Three things I learnt from Wu Guanzhong about life and art
1. Get Understanding
To cut across anything takes vision and boldness but it also requires understanding and a deep respect for what we are transcending.
Wu always appreciated the tension between different elements. This is evident in his approach to life and work. In a sense, it is not a surprise that he donated a significant portion of his life’s work to Singapore. He saw in Singapore a nation straddled between the East and West, a melting pot of diverse cultures, Asian and Western, traditional and contemporary, the individual and community, just to name a few.
He said of Singapore, “…positioned between the east and the west with regards to ethics and quality of life; it is close to China, as it is close to the west; the virtues of both sides are concentrated in you.” What an amazing observation.
Understanding Builds Bridges
Wu could preserve the soul of Chinese ink painting even while he introduced the medium of oil and splashed colours to an ancient art form. As an artist, Wu was always respectful of the genre of art he had been trained in. Chinese calligraphy and ink painting have been the visual art forms that had captured for over two millennia, the poetic essence of the Chinese soul, its cultural history and thinking.
“Wu's paintings have the color sense and formal principles of Western paintings, but a spirit and tonal variations of ink that are typically Chinese. Natural scenery is reduced to its essentials - simple but powerful abstract forms.” [2]

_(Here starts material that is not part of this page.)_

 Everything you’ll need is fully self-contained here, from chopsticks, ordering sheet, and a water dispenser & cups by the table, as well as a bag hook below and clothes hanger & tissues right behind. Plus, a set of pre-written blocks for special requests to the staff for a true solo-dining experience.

It takes someone who truly understands the nature of Chinese art and culture to be able to take such bold steps creatively, to bring seemingly contradictory principles into its art form without compromising or destroying it.

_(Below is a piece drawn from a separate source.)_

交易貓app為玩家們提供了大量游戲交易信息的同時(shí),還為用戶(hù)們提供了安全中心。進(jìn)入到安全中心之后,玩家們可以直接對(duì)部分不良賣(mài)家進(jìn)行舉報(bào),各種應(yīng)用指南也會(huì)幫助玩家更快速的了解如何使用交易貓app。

Understanding means being able to grasp the core of an issue and to see the essence of a thing. It allows us to make those intuitive decisions that cut a way through to new seeing. Can we be both liberal and yet respectful of traditions? To be totally open to life and its expressions and yet be conservative? Only understanding can build bridges to a better whatever that we are seeking for. This principle applies to everything.
2. Synthesise Differences
With regards to his work, his piece on Synthesis of Oil and Ink Practices, Wu said:
“[…] Oil and ink painting are like the two blades of a pair of scissors cutting out a new outfit. The two blades may not necessarily be of the same length, and the ways of using the scissors, exerting different strengths, for example, may also differ from time to time. Hence, when I feel that I have come to a deadlock in oil painting, I will choose to paint in ink. However, I will revert to oil when I feel that my dabbling in ink has come to a deadlock.”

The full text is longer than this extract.